__EXERCISE__: Copy out all the lines of the data precisely, omitting any pictures.

__DATASET SECTION__:

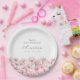 Perfect table decor for a January birthday party. Carnation is the birth flower for that month. It forms a pretty watercolor floral bottom border on this pretty personalized paper plate. The birthday celebrant's name, age and birthdate are placed above it using elegant calligraphy and typography. All text is editable.
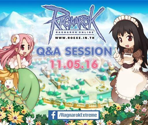 ใกล้เข้ามาทุกทีแล้วกับเวลาที่เหล่าสาวก Ragnarok online จะก้าวเข้าสู่บ้านใหม่เร็วๆนี้ ซึ่งทางบริษัท Electronics Extreme หรือ EXE ได้จัดกิจกรรมดีๆขึ้น โดยจะเปิดให้ผู้เล่น "ถามคำถาม" ที่คุณอยากถามมากที่สุด 3 คำถาม (หรือจะไม่ถึงก็ได้) ซึ่งแต่ละคำถามนั้น ไม่ใช้คำหยาบ ไม่ก่อดราม่า และไม่รุนแรงกระทบถึงจิตใจผู้ถูกถาม สามารถโพสต์ได้เลยตั้งแต่วันนี้เป็นต้นไป โดยงานจะเริ่มในวันที่ 11 พฤษภาคม 2016 ใครมีอะไรค้างคาในใจเตรียมคำถามไว้ให้ดีๆนะ!!
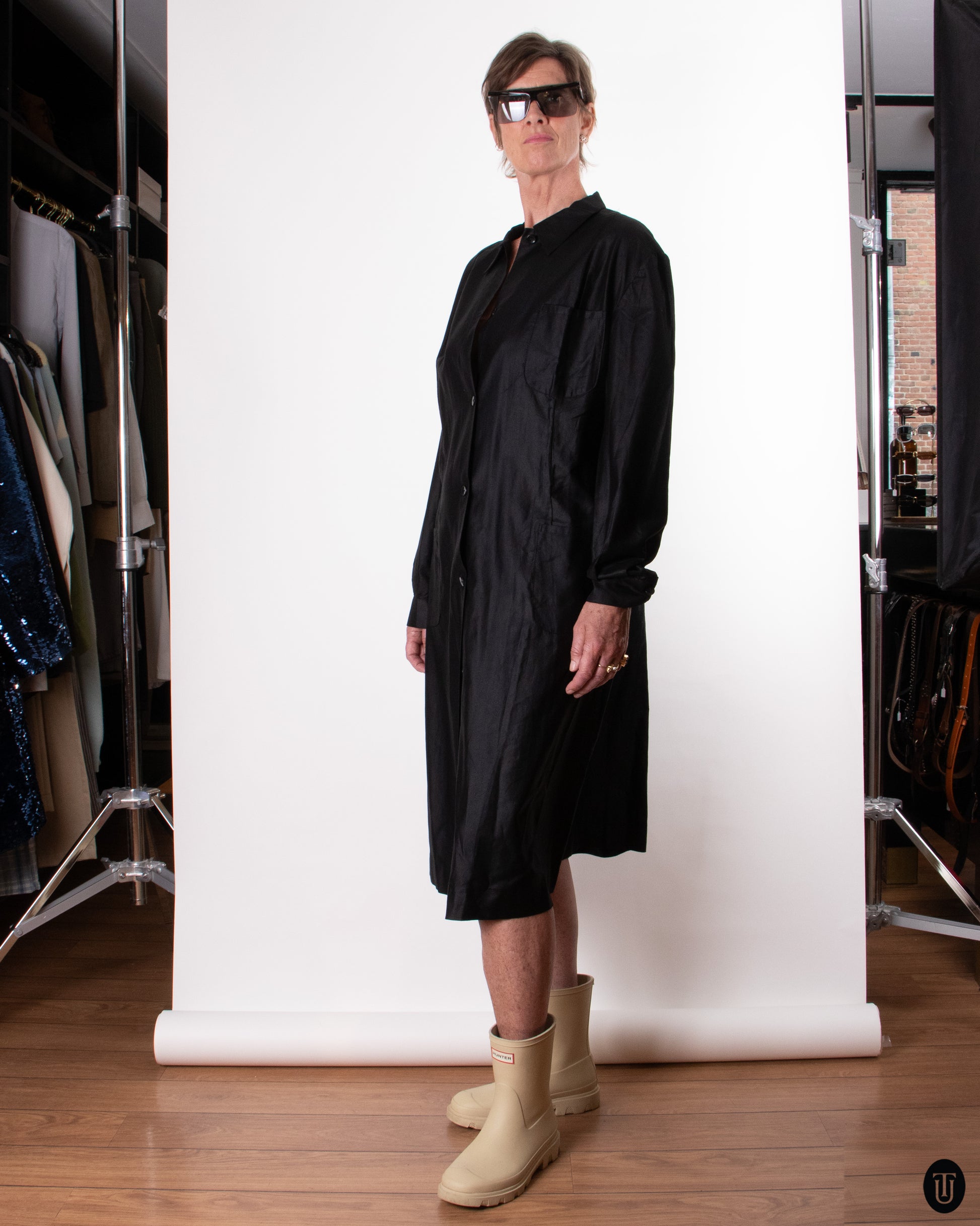 This 1990's long tailored jacket is by vintage Milanese brand Fraizzoli & co. It is constructed from a light weight sports like fabric, and is quintessential 90's minimalism. The jacket features a shirt collar neck line, cuffed sleeves, and symmetrical oversized pockets along the hip line. Finished with an a-line fit and falling just below the knee's, it is the perfect coat for fall layering.

__OUTPUT OF THE EXERCISE__:
 Perfect table decor for a January birthday party. Carnation is the birth flower for that month. It forms a pretty watercolor floral bottom border on this pretty personalized paper plate. The birthday celebrant's name, age and birthdate are placed above it using elegant calligraphy and typography. All text is editable.
 ใกล้เข้ามาทุกทีแล้วกับเวลาที่เหล่าสาวก Ragnarok online จะก้าวเข้าสู่บ้านใหม่เร็วๆนี้ ซึ่งทางบริษัท Electronics Extreme หรือ EXE ได้จัดกิจกรรมดีๆขึ้น โดยจะเปิดให้ผู้เล่น "ถามคำถาม" ที่คุณอยากถามมากที่สุด 3 คำถาม (หรือจะไม่ถึงก็ได้) ซึ่งแต่ละคำถามนั้น ไม่ใช้คำหยาบ ไม่ก่อดราม่า และไม่รุนแรงกระทบถึงจิตใจผู้ถูกถาม สามารถโพสต์ได้เลยตั้งแต่วันนี้เป็นต้นไป โดยงานจะเริ่มในวันที่ 11 พฤษภาคม 2016 ใครมีอะไรค้างคาในใจเตรียมคำถามไว้ให้ดีๆนะ!!
 This 1990's long tailored jacket is by vintage Milanese brand Fraizzoli & co. It is constructed from a light weight sports like fabric, and is quintessential 90's minimalism. The jacket features a shirt collar neck line, cuffed sleeves, and symmetrical oversized pockets along the hip line. Finished with an a-line fit and falling just below the knee's, it is the perfect coat for fall layering.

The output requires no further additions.